= Novia gens =

Ancient Roman family

The gens Novia was a minor plebeian family at ancient Rome. Members of this gens first appear during the final century of the Republic, but the first of the Novii to obtain the consulship was Decimus Junius Novius Priscus in AD 78.

==Origin==
The nomen Novius is a patronymic surname, derived from the common Oscan praenomen Novius. Since both the praenomen and nomen have the same form, it can be difficult to determine in some cases whether persons named Novius bore it as a praenomen or a nomen gentilicium.

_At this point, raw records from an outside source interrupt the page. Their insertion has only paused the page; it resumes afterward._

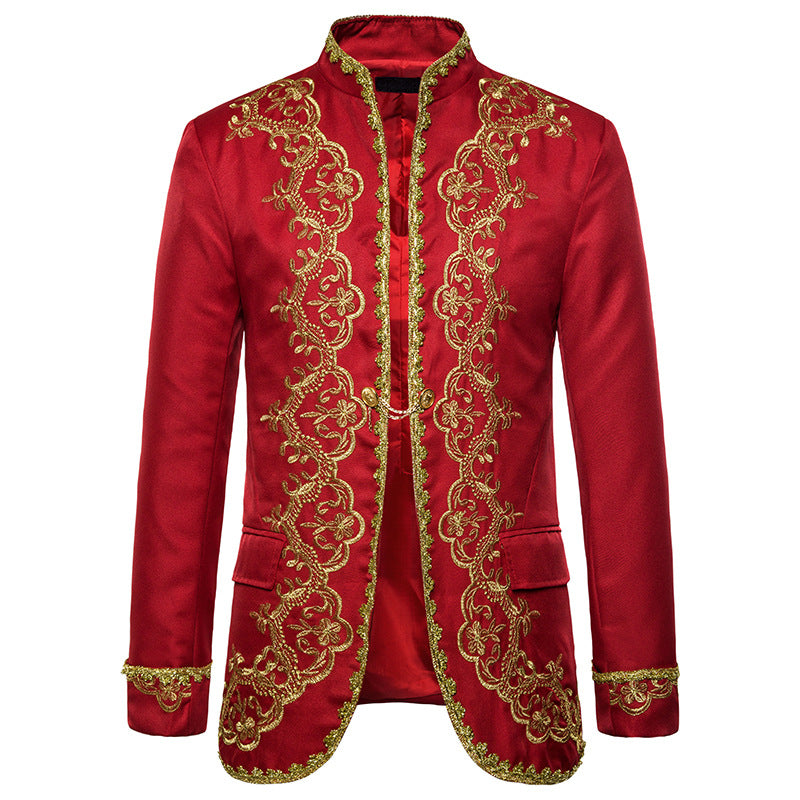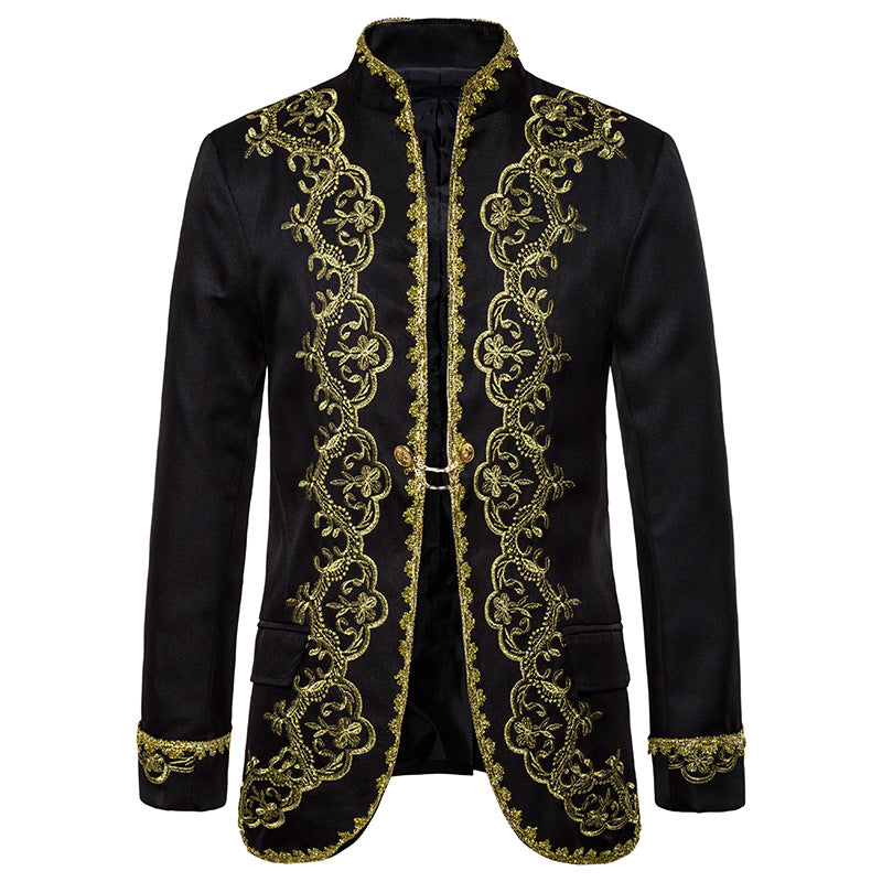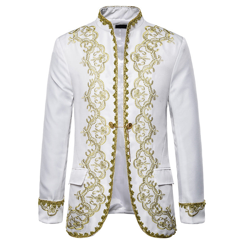 Men Prom Outfits Gold Inlaid Gown Court Dress Studio Clothing
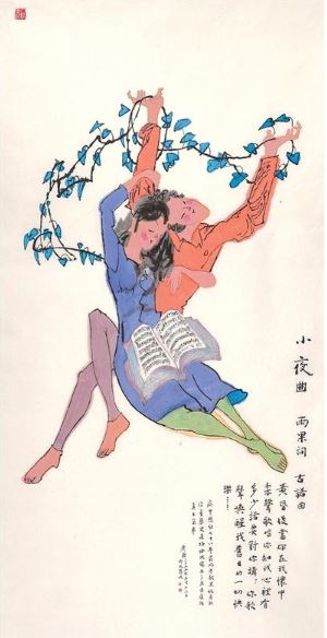 《小夜曲》是黄永玉的最后一幅作品,创作于2023年5月。当时,他脑海中反复回响着78年前与妻子张梅溪相识时哼唱的一首法国老歌——《古诺小夜曲》。家人找到了这首歌曲的五线谱与歌词,黄永玉便以此为灵感创作。画中一对青年男女依偎而坐,男子手持缠绕成心形的叶子藤蔓,女子膝上摊开曲谱,背景朦胧如月夜,题写着歌词片段:“黄昏后,当你在我怀中柔声歌唱……”黄永玉曾说:“我们在孩提时代的梦中早就相识,我们是洪荒时代在太空互相寻找的星星,我们相爱已经十万年。”在他生命旅程的最后时光,这首曲子被反复播放,陪伴他走完人生旅程。
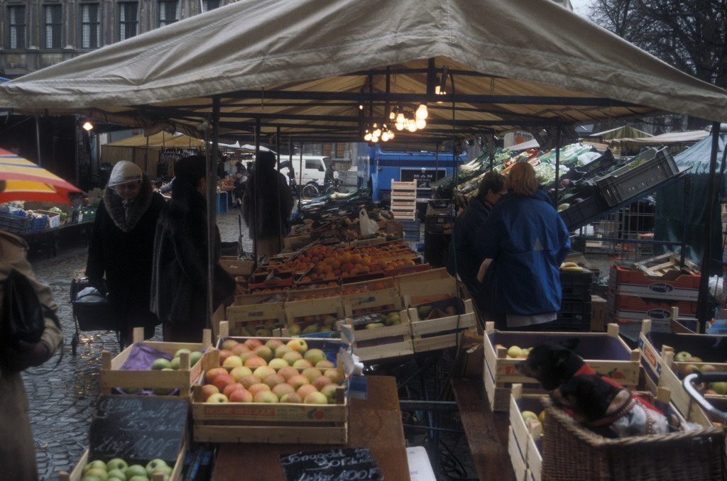 Markt 市の中心となる広場(グランプラス)。広場に面しているギルド・ホールとその上にそびえる鐘楼は13世紀に建設されたもので、その後拡張されています。鐘 楼は高さ83メートル。366段の階段を登る途中で、総重量27トンというカリヨン(47個の鐘)や、自動演奏装置を見ることができます。15分ごとに美 しい音色を響かせている。 広場の東側の建物は、西フランドル州庁舎。広場中心の銅像は14世紀のフランスの圧制下での市民蜂起の英雄ヤン・ブレーデルと ピーテル・デ・コーニング。
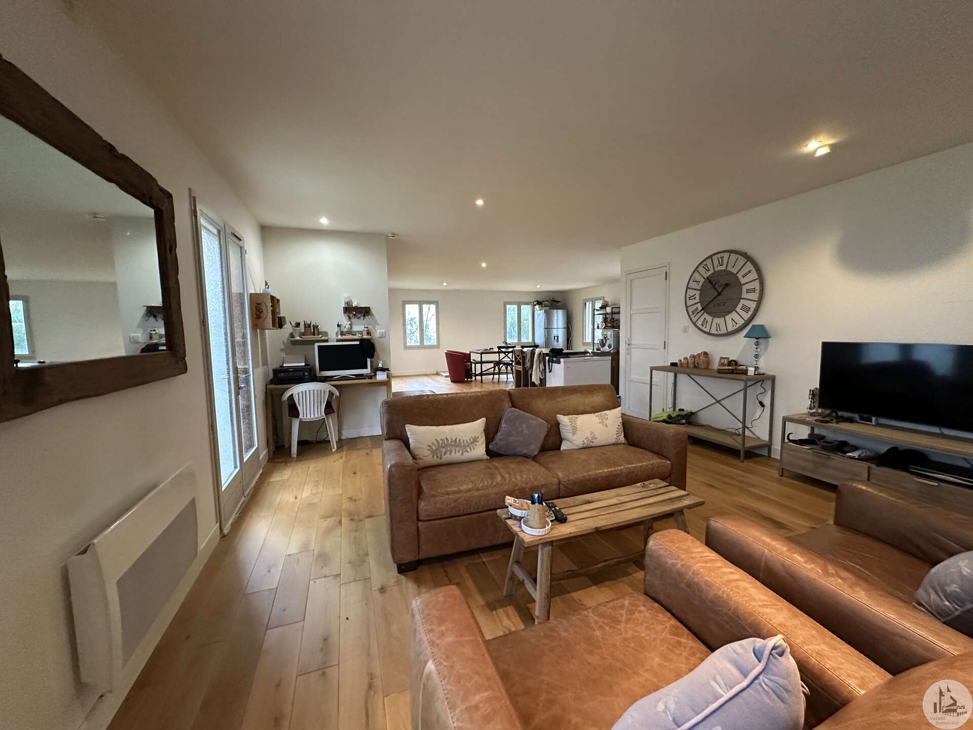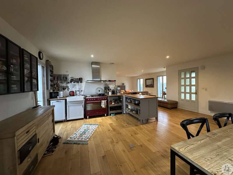 Cette maison de plain-pied, au calme, au bout d'une impasse, avec une très belle vue comprend : Une pièce de vie (70m2), vaste et chaleureuse, avec parquet au sol, s’articule autour d’une cuisine ouverte équipée (piano de cuisine au gaz et électrique, lave-vaisselle), emplacement pour rajoute un poêle à bois. Une première petite chambre (7m2) avec sa salle de douches attenante (3,5m2). Une seconde chambre, plus spacieuse (14,5m2). Un espace de rangement avec coin buanderie donne accès à une seconde salle de douches avec WC (2,8m2). À l’extérieur, un garage non attenant vous donne de l’espace supplémentaire (environ 15m2) et une pièce avec cumulus et bouteilles de gaz, tandis que le terrain attenant entoure la maison avec une belle vue sur les environs. Le tout à proximité immédiate des commodités : commerces, services, vie locale. PRIX NÉGOCIABLE ! DIVERS : - chauffage électrique - menuiseries double vitrage - cumulus neuf

In either case, the name itself establishes the Oscan origin of the Novii.

==Members==

- Quintus Novius, a playwright in the time of Sulla, celebrated for his Atellane plays. He was a contemporary of Pomponius, another playwright specializing in the genre. Novius' work is frequently mentioned by Nonius Marcellus.
- Lucius Novius, possibly surnamed Niger, a tribune of the plebs in 58 BC, the year that Publius Clodius Pulcher held the office. Novius was strongly opposed to his colleague.
- Novius Facundus, a mathematician in the time of Augustus, who devised a means of measuring the length of days using an obelisk erected on the campus Martius.
- Decimus Junius Novius Priscus, consul in AD 78. He is probably the same Novius Priscus who was among Seneca's friends, banished by Nero in AD 66. His wife was Artoria Flacilla.
- Novius, a friend of Martial.
- Novius Maximus, a person to whom Pliny the Younger addressed two letters.
- Novius, a legacy hunter mentioned by Juvenal.
- Lucius Novius Crispinus Martialis Saturninus, proconsul of Gallia Narbonensis and legate pro praetore of Africa Proconsularis in the time of Antoninus Pius; consul suffectus at some time in 150 or 151.
- Gaius Novius Priscus, consul suffectus in AD 152. He married Flavia Menodora.
- Gaius Novius C. f. Rusticus Venuleius Apronianus, the son of Priscus and Flavia Menodora, served as tribunus laticlavius with the sixth legion, was a legate in Asia, a candidate for quaestor and tribune of the plebs, and praetor designatus.
- Publius Novius L. f. Saturninus Martialis Marcellus, the son of Crispinus, consul circa AD 150.
- Novia L. f. Crispina, daughter of the consul Crispinus, married Quintus Antistius Adventus.
- Lucius Novius Rufus, consul suffectus in AD 186, he was legate pro praetore in Hispania Tarraconensis in 193. Rufus was among the leading Romans put to death by Septimius Severus without cause.